Wrapping up, you won’t need to tweak the Top-P or Min-P settings, while the GPU layers is the amount of model layers to load into the faster VRAM, with the rest going to CPU-system RAM.
Chat template
Also, the good thing about GGUF formats is that most of the model parameters and chat templates are already embedded into the downloaded GGUF file. This includes a chat template which has to be conformed to a Jinja template.
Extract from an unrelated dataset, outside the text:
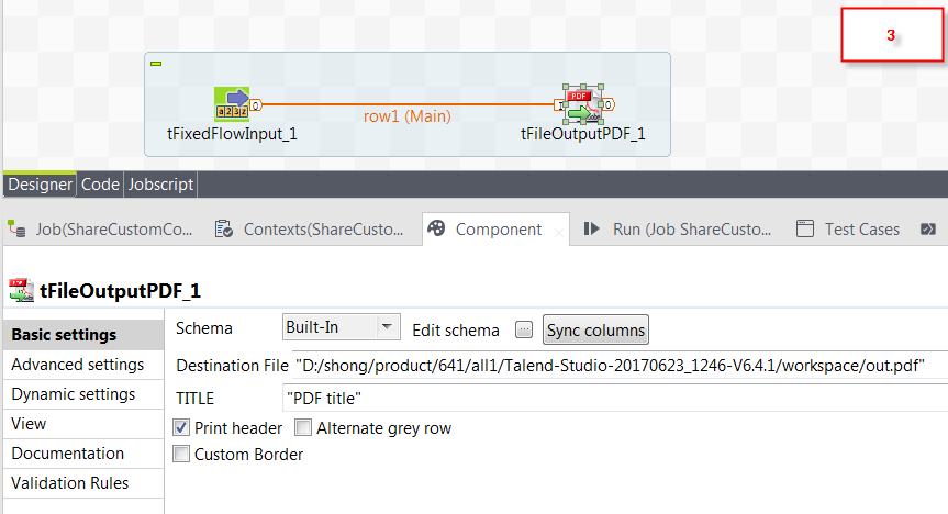 - [Palette] (パレット)からデザインワークスペースに、tFixedFlowInputとカスタムコンポーネントであるtFileOutputPDFを配置します。

GPT4All requires a Jinja template.
Here is a simple Deekseek R1-compatible chat template to get you started if you are missing one:
{% for message in messages %}
{ % if message[‘role’] == ‘user’ %}{{ message[‘content’] }}{% endif %}
{% if message[‘role’] == ‘assistant’ %}{{ “\nAssistant:\n” + message[‘content’] }}{% endif %}
{ % endfor %}
{% if add_generation_prompt %}
{{ “\nAssistant:\n” }
}
{% endif %}
All in all, that wraps up our quick tutorial intro and setup guide for running DeepSeek R1 on your local computer hardware using ready-made programs like GPT4All. Hope this article fills you in as a quick layman introduction into the world of LLMs. Have fun with your new setup and never stop learning!